American businessman and media personality (born 1981)

Maverick Carter (born October 10, 1981) is an American sports marketing businessman and executive who is the chief executive officer (CEO) of SpringHill Company, Uninterrupted, and the Robot Company, all part of the holding company LRMR Ventures, which he co-founded with LeBron James.

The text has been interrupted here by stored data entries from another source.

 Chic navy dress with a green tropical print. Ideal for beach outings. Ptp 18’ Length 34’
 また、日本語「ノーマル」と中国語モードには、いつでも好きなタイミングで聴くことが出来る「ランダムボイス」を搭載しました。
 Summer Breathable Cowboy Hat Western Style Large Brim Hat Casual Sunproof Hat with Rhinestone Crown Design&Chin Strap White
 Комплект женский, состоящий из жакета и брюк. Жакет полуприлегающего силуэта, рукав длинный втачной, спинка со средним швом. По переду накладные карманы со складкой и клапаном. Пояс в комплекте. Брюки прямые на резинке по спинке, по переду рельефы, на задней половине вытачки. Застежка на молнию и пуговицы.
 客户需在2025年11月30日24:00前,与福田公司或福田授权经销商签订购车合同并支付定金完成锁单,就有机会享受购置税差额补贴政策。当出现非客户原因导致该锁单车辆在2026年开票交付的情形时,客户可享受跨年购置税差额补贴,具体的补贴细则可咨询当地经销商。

==Early life and education==
Maverick Carter was born on October 10, 1981. He spent most of his youth in Akron, Ohio, and Atlanta, Georgia. Carter grew up the son of Katherine Powers, a social worker, and Otis Carter. Carter and LeBron James became friends as children. Both played basketball and football at St. Vincent–St. Mary High School (SVSM) in Akron. He also played on the same team as Jay Williams at the Five Star Camp.

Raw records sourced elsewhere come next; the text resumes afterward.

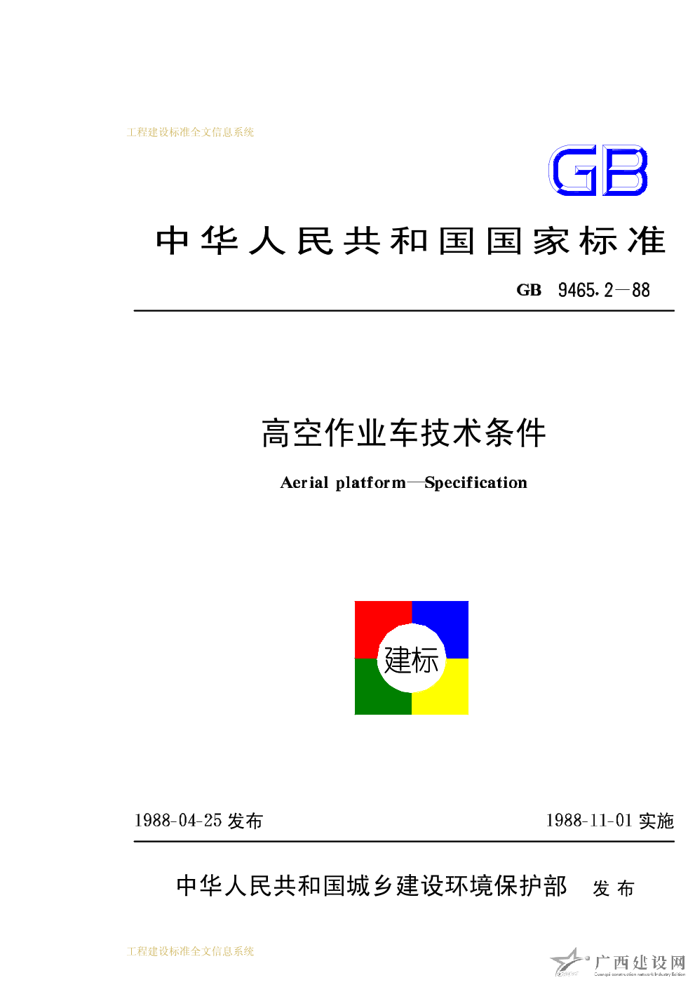 桅柱式高空作業平臺 JG/T5103—1998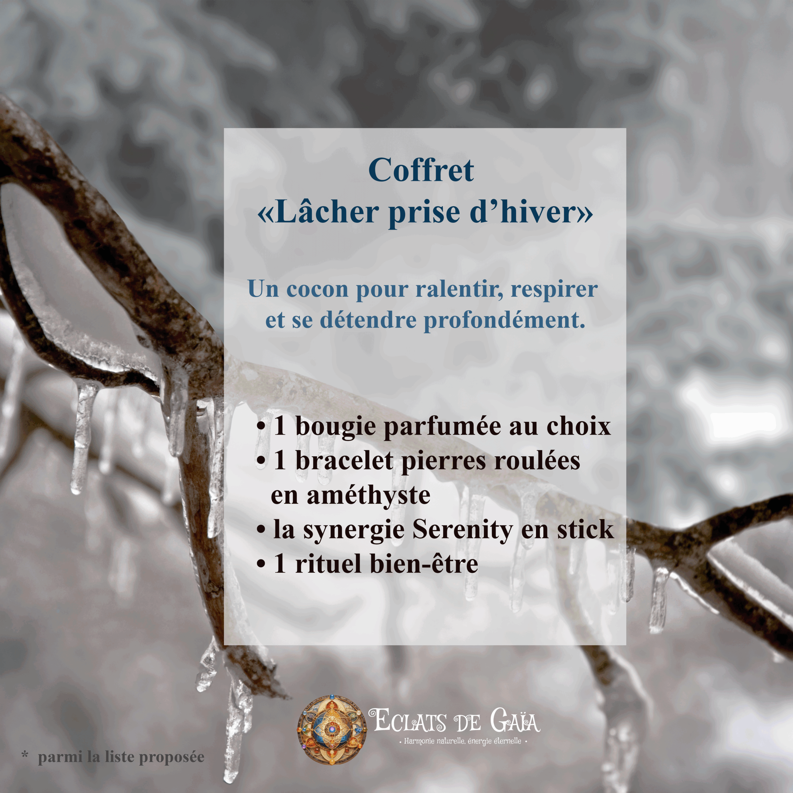 Le coffret Lâcher prise d’hiver a été imaginé comme un véritable cocon de douceur pour traverser la saison froide avec plus de calme, de lenteur et de sérénité. Il accompagne les moments de fatigue, de surcharge mentale ou de besoin de réconfort profond.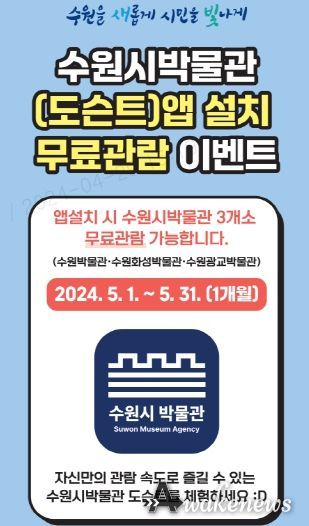 어웨이크뉴스 오경하 기자 | 수원시박물관이 가정의 달을 맞아 수원시박물관 앱을 설치한 시민에게 5월 1일부터 31일까지 수원·수원화성·수원광교 박물관을 무료로 개방한다.
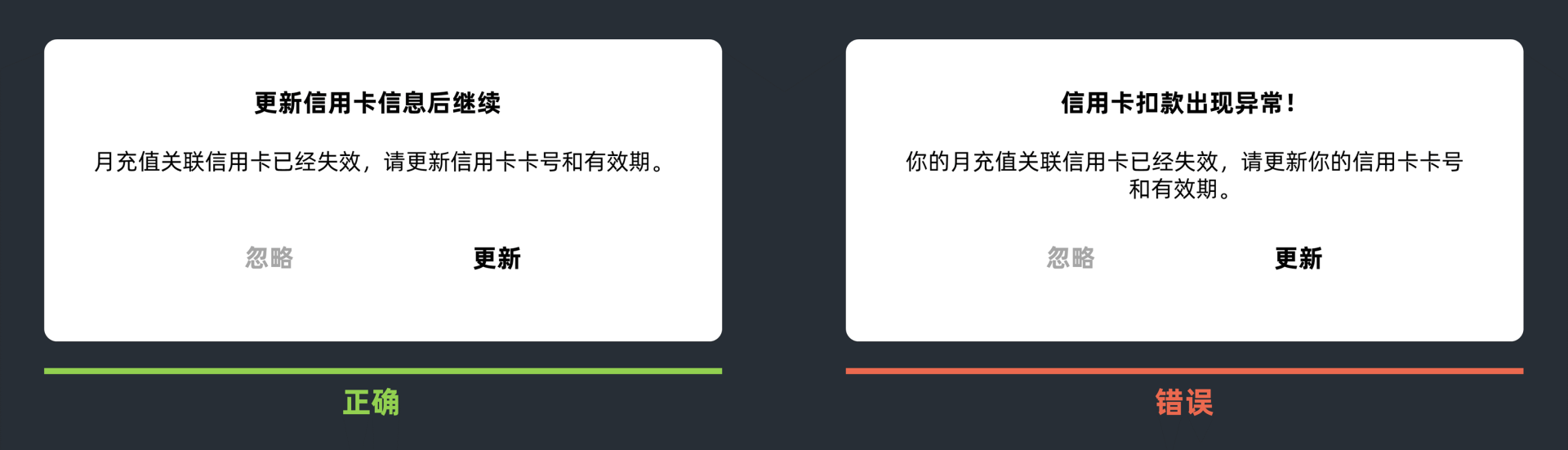 比如下图里用户的信用卡换卡了,导致以前自动进行信用卡扣款的应用无法正常扣款,我们需要提醒用户尽快更新有效的用户信息。这时左边的表述会让用户第一时间知道当前出现了什么状况,而右边则让用户心头一紧。

After graduating from SVSM, Carter played college basketball for one season at Western Michigan, averaging 2.0 points and 2.3 personal fouls per game in 2000-01, before transferring after his freshman year to the University of Akron. Carter attended Western Michigan University but left to intern in Nike's basketball sports marketing department.

==Career==
Carter interned with Nike, withdrawing from college to become a Nike field representative. He later secured a full-time position at Nike before joining James as a business associate in 2004. He became the business manager of James in 2005.

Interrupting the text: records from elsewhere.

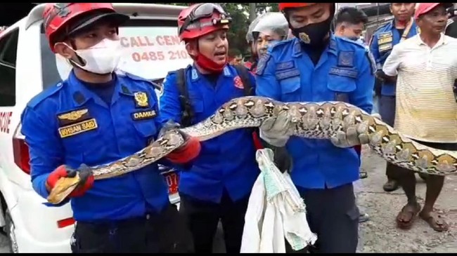 Ular piton tersebut diamankan petugas damkar. Pihak damkar berencana melepasliarkan ular itu ke habitat aslinya.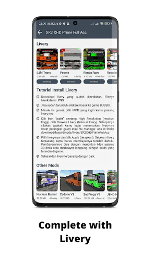 - Complete, There are dozens of MOD and BUSSID Livery that you can download in this application and will be added continuously at any time.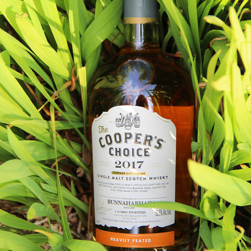 La gamme Cooper’s Choice (choix du tonnelier) propose une sélection de fûts remarquables, Single Malt, non filtré à froid, non coloré et au degré naturel. Chaque étiquette indique le millésime de distillation, celui de la mise en bouteille ainsi que le nombre de bouteilles extraites du fût.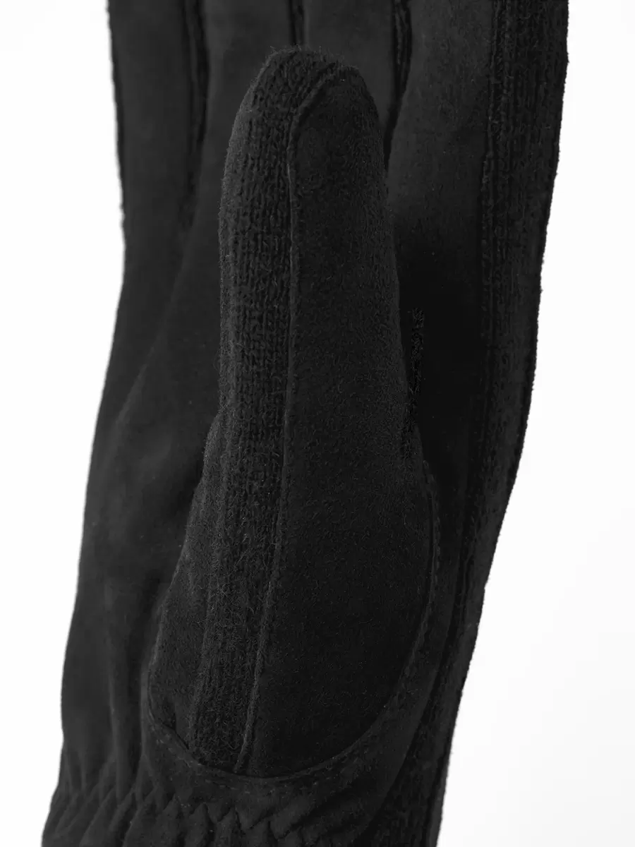 En sporty og behagelig handske, der kombinerer uld og det blødeste lammeskindsruskind. Geoffrey-handsken er en stilfuld og varmende herrehandske til efterår og mildere vinterdage. En sidekile og detaljer er i ribstrikket uldjersey, mens baghånden og håndfladen er i italiensk lammeskindsruskind. Halvpiqué-sømme omkring fingrene giver en god pasform, og en ribbet manchet omslutter håndleddet.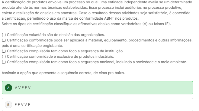 A certificação de produtos envolve um processo no qual uma entidade independente avalia se um determinado produto atende às normas estabelecidas. Esse processo inclui auditorias no processo produtivo, coleta e realização de ensaios em amostras. Caso 0 resultado dessas atividades seja é concedida a certificação, permitindo uso da marca de conformidade ABNT nos produtos. Sobre os tipos de certificação classifique as afirmativas abaixo como verdadeiras (V) ou falsas (F): (_) Certificação voluntaria são de decisão das organizações. (_) Certificação conformidade pode ser aplicada a material, equipamento, procedimentos e outras informações, pois é uma certificação englobante. (_) Certificação compulsória tem como foco a segurança da instituição. (_) Certificação conformidade é exclusiva de produtos industriais. (_) Certificação compulsória tem como foco a segurança nacional, incluindo a sociedade e meio ambiente. Assinale a opção que apresenta a correta, de cima pra baixo. A VVFFV B FFVVF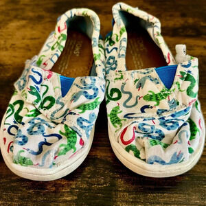 TOMS adorable Alpargata infant flat sneakers in “Cobalt Snakes” Size 5T. In very good condition, gently cleaned and ready to wear.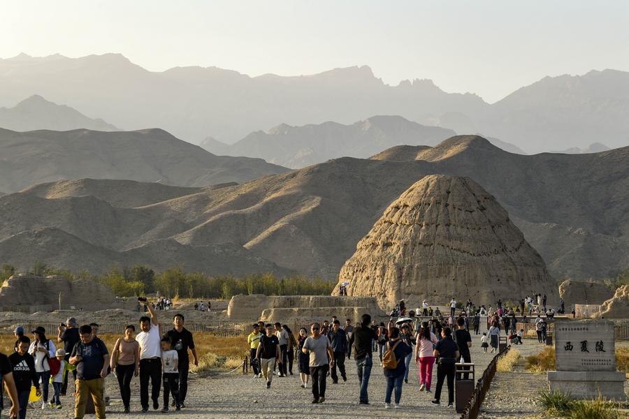 Tourists visit Xixia Imperial Tombs scenic area in Yinchuan, northwest China's Ningxia Hui Autonomous Region, Oct. 2, 2019. (Xinhua/Feng Kaihua)

In 2010, Carter managed the production of The Decision, a television special announcing James's move from the Cleveland Cavaliers to the Miami Heat. In 2011, he arranged a deal between LRMR and Fenway Sports Group that secured James a partial stake in Liverpool F.C. and bolstered his overseas profile. In the same year, he also developed The LeBrons series of commercials featuring caricatures of James.

In 2013, Carter founded SpringHill Entertainment, followed by the launch of Uninterrupted in the following year. In 2014, Carter, together with Paul Wachter, negotiated a Nike endorsement deal for James that was reported to be worth over $1 billion. Wachter also assisted in establishing partnerships with Cannondale and Beats Electronics, the latter of which reportedly generated more than $100 million in earnings for James following Apple Inc.'s acquisition of Beats in 2014. Later in 2014, Carter moved to Los Angeles and signed a production deal with Warner Bros. Entertainment. In 2015, Uninterrupted raised $23 million in funding from Warner Bros. Entertainment and Turner Sports.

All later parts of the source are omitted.